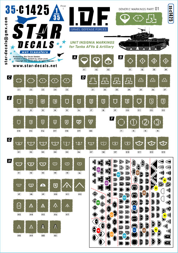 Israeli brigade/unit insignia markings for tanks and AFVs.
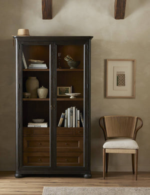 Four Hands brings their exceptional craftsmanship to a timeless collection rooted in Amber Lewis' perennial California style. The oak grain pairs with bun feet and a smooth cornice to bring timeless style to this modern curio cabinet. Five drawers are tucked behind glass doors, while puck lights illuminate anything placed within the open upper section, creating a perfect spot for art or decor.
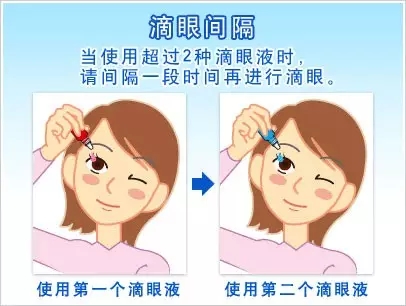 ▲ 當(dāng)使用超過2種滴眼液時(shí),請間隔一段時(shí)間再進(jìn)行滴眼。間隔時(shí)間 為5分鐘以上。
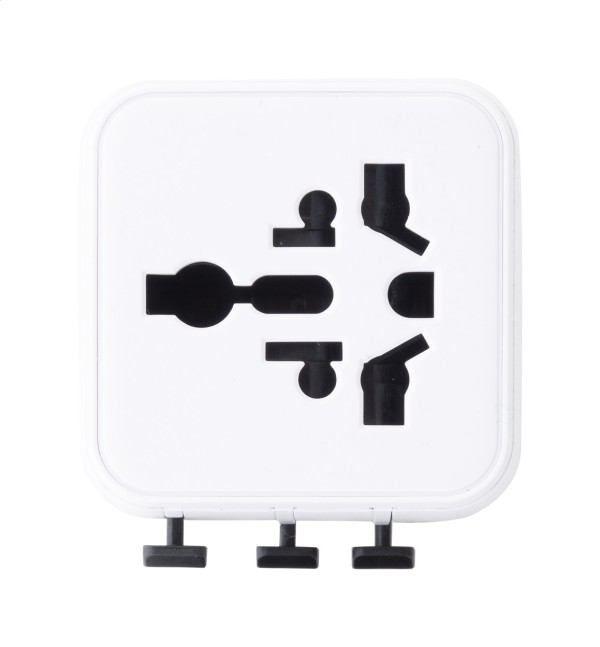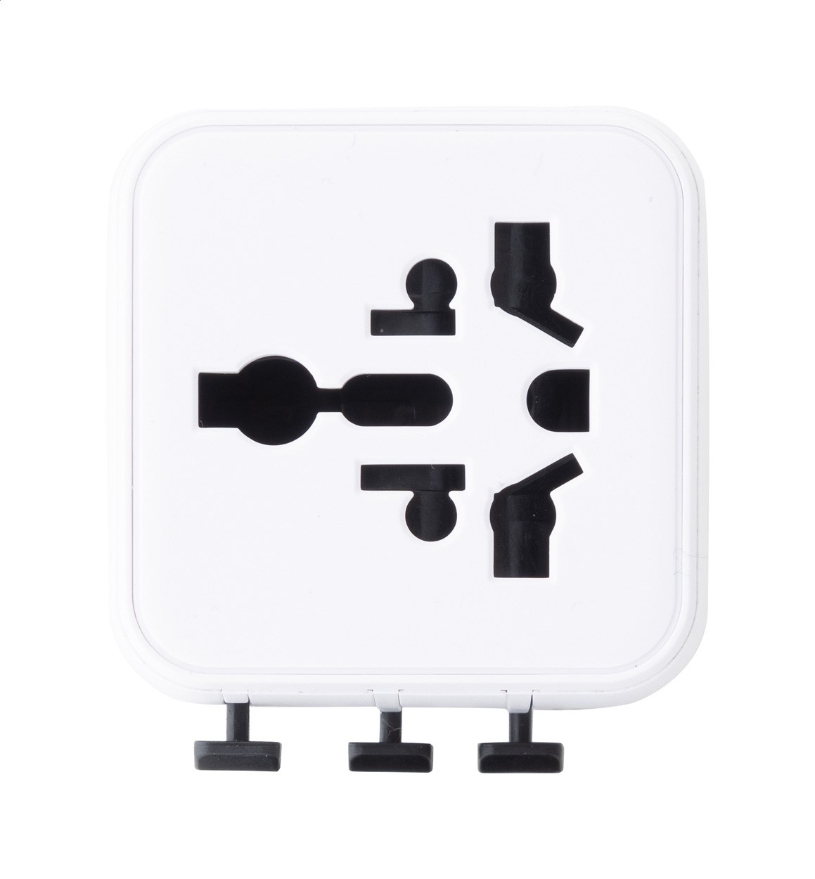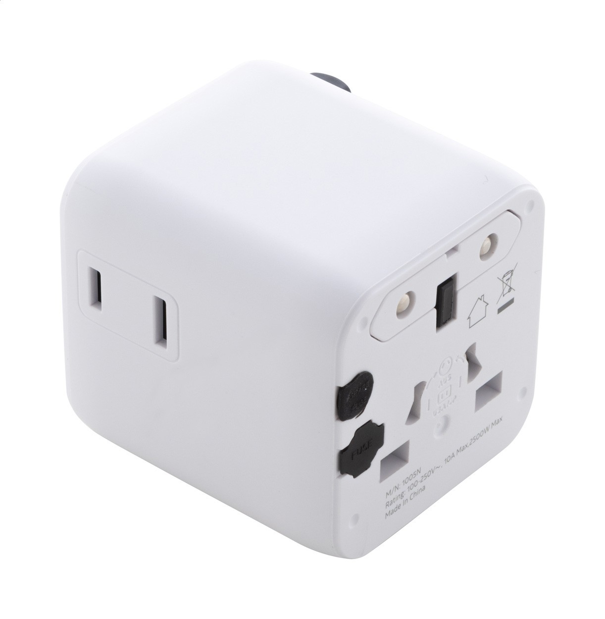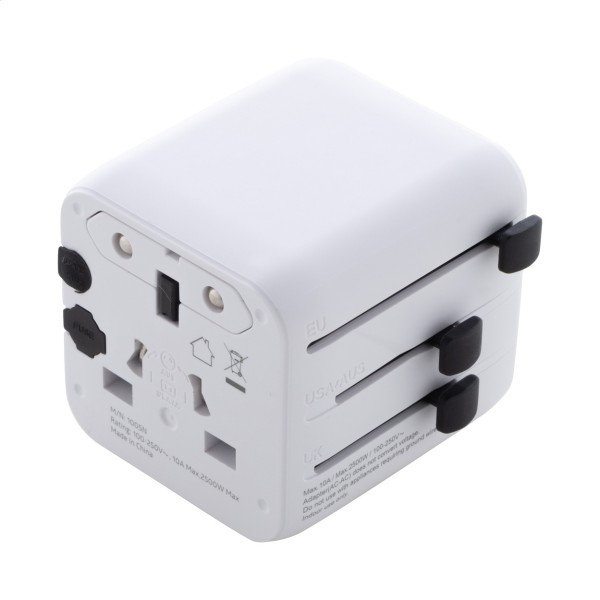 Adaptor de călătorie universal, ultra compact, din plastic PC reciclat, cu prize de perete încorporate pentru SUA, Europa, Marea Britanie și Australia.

+++

▶ _What is being asked_:
Omit the pictures and reproduce the listing exactly.

▶ _Written answer_:
 Israeli brigade/unit insignia markings for tanks and AFVs.
 Four Hands brings their exceptional craftsmanship to a timeless collection rooted in Amber Lewis' perennial California style. The oak grain pairs with bun feet and a smooth cornice to bring timeless style to this modern curio cabinet. Five drawers are tucked behind glass doors, while puck lights illuminate anything placed within the open upper section, creating a perfect spot for art or decor.
 ▲ 當(dāng)使用超過2種滴眼液時(shí),請間隔一段時(shí)間再進(jìn)行滴眼。間隔時(shí)間 為5分鐘以上。
 Adaptor de călătorie universal, ultra compact, din plastic PC reciclat, cu prize de perete încorporate pentru SUA, Europa, Marea Britanie și Australia.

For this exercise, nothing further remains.